Fall asleep. Open my eyes. White room. Stupid, stupid dream people. Questions: What do you think about dragons? How old are you? How long have you lived in Vermont? Do you know anyone named Robert? What’s your passion in life? Do you know what a Fateturner is? They were an endless torture of my nights. How screwed up was my brain that it not only had to create a recurring dream, but one that seemed just real enough to make me angry and irritable in the morning. I became more tired each day just to stay awake another hour, maybe, at night. It didn’t work for long. Usually, at around midnight, I would fall asleep. In my chair, sitting on my bed, on my floor. One record night, I stayed up until three-thirty, but I could usually never manage later than one. It was like my brain was forcing me to sleep. One good thing did come of this, though: if my family noticed that I was drinking about three cups of coffee more just so I could avoid sleep, they didn’t comment on it.

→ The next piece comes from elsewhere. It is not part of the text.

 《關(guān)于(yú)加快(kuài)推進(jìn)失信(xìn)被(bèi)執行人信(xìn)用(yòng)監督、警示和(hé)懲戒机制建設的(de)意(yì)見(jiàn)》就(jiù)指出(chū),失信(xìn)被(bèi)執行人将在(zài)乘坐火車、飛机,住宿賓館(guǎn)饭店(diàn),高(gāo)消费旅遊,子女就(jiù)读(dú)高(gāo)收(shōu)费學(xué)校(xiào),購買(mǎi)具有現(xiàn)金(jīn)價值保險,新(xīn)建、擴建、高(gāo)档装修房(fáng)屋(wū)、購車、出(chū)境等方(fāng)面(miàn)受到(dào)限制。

On December 23rd, as soon as I opened my eyes in the light colored room, blinked and took in Dream-Me, pacing, and blonde Peter Pan, sitting, he took both of my hands in his and asked, voice heavy: Have you seen an old man in red? His eyes are black as coal. This simple phrase took me by surprise, and I pulled my hands from his grip, scooting back. Dream-me stared me down with the disconcerting eyes we shared, before turning away to continue wearing a hole in the floor with her feet. “It didn’t happen like that,” she muttered, turning to the blond. “This is all too soon.”

The blond one just raised an eyebrow. “It’s your life, Ives. I don’t know how it happens.”

“That’s my nickname, you can’t have it,” I said, feeling sullen. I was tired of dreaming, I was tired of seeing the same two faces over and over.

Dream-Me glared me down angrily. “Are you not taking anything we’re trying to do seriously? We’re trying to prepare you for an eventuality, for a future you don’t give a shit about, so why don’t you listen for once and stop complaining!”

The outburst all seemed so very real, so very human, that it gave me pause, for just a moment, before I remembered that I too, could complain. “You’re dreams,” I said, finally. “You don’t mean anything. My future is my own.”

Dream Ivy looked morose. “Have fun dying,” she said, and then I woke up.


That night, I didn’t dream. As soon as my head hit the pillow, I was asleep, but blissfully so, in a field of black void of anything.

At exactly 2:37 A:M, as I lay, breathing even, tangled in sheets, the green stone grew warmer. It began to move, slowly, wobbling closer and closer until it tumbled off the windowsill onto the wooden floor. A spiderweb of cracks appeared.